Le troisième temps est le temps cyclique. Nous avançons à l’horizontale vers l’ouest de la ville avec un parcours au-dessus du Buëch. Voilà le Faubourg du Val gelé derrière la Citadelle, où se trouvait la Porte brulée près du pont du Buëch. Des remparts descendaient jusqu’à la Durance où avait été construite une tour. Ce dispositif, l’ancien Bourg du Val gelé, protégeait des agressions.
Le temps cyclique connaît son apogée dans la forêt toute proche, lieu de la dendrochronologie (du mot grec dendron ou arbre, chronos ou temps, et logos ou intelligence) : on analyse les cernes annuels de croissance sur un tronc d’arbre pour obtenir des informations sur le passé, comme des chutes de blocs rocheux, les conditions climatiques et l’environnement qui a pu influer sur les arbres. 
Le nord et l’ombre fraîche de la forêt communale de Sisteron : la nature exceptionnelle nous invite à l’intériorisation grâce au chant des oiseaux, au vol des papillons, aux bruissements des arbres et aux senteurs exceptionnelles de la végétation provençale (thym, romarin et fleurs).

Le temps militaire 

Le quatrième Temps (temps militaire) nous amène à la Citadelle construite sur un éperon rocheux. On y a trouvé les traces d’un oppidum gaulois, d’un castrum romain et d’un castel au haut Moyen-Âge, une place forte du monde antique à la Renaissance.

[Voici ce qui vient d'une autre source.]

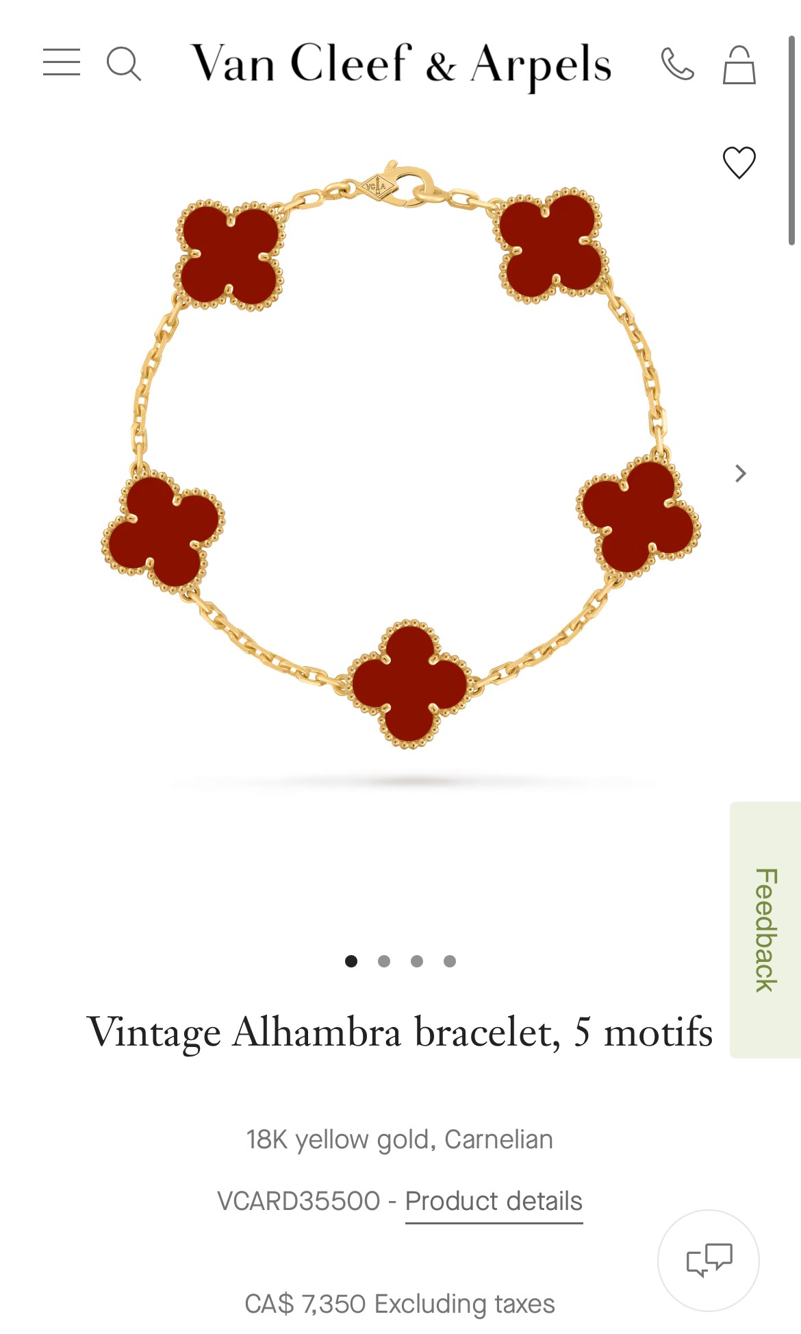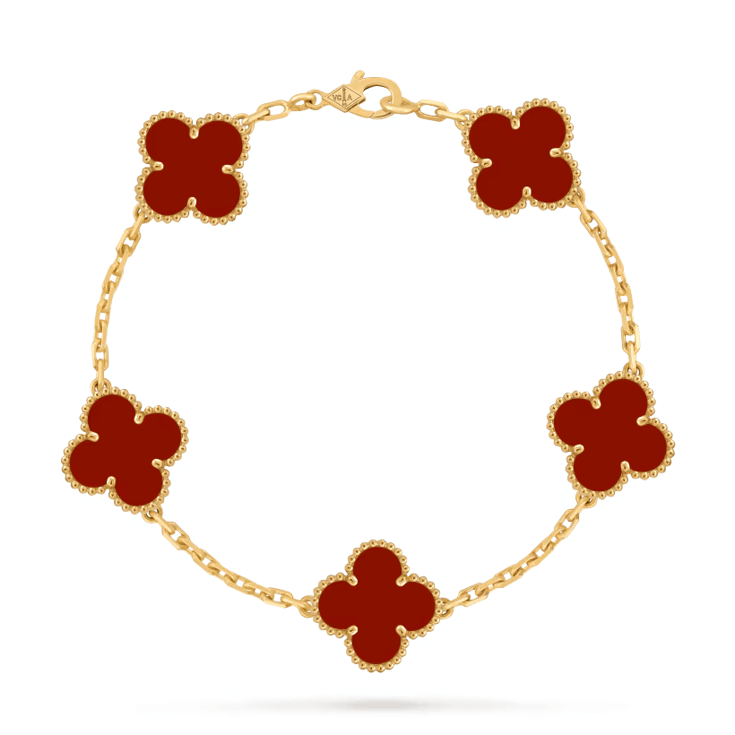 新品 VCA Van Cleef & Arpels 红五花 18k金 五花手链

La situation stratégique de la ville lui a valu d’être disputée. C’est pourquoi dès 1209, ont été construits, le chemin de ronde supérieur, le donjon de la citadelle et la guérite du diable pour abriter les sentinelles. L’ensemble est comme une figure de proue perchée dans les cieux. De là, un panorama exceptionnel sur les toits de la ville, les Alpes et la vallée de la Durance, et une vue à 150 km, permettent une surveillance à grande distance de potentiels ennemis.
En 1520, au début des guerres de religion, la citadelle devient un lieu de refuge pour des protestants, assiégés régulièrement par les catholiques. Le roi Henri IV consolide les fortifications de Sisteron. À partir de 1590, l’ingénieur militaire Jehan Errard bâtira des enceintes successives en dents de scie, sur les faces nord et sud et construira des bastions reliés aux remparts de la ville. Les fortifications seront améliorées à partir de 1633 par Vauban.
Dans la citadelle, on trouve Notre-Dame du Château, chapelle du XIVe siècle, symbole de la fidélité et de la paix. Car la guerre ne peut être conçue sans idéal de paix.

Le temps absolu 

Le cinquième Temps (temps absolu) est au nord-ouest où se trouve, perché dans un lieu préservé, le cimetière de Sisteron. Là, le ballet entre la vie et la mort. Y est enterré Paul Arène, poète né à Sisteron, et sur sa tombe est gravée une célèbre phrase provençale : Iéu m’en vau l’amo ravido D’agué pantaïa ma vido (je m’en vais l’âme ravie, d’avoir rêvé ma vie).
Pour renaître, il faut redescendre vers la ville et revenir au point zéro, temps religieux.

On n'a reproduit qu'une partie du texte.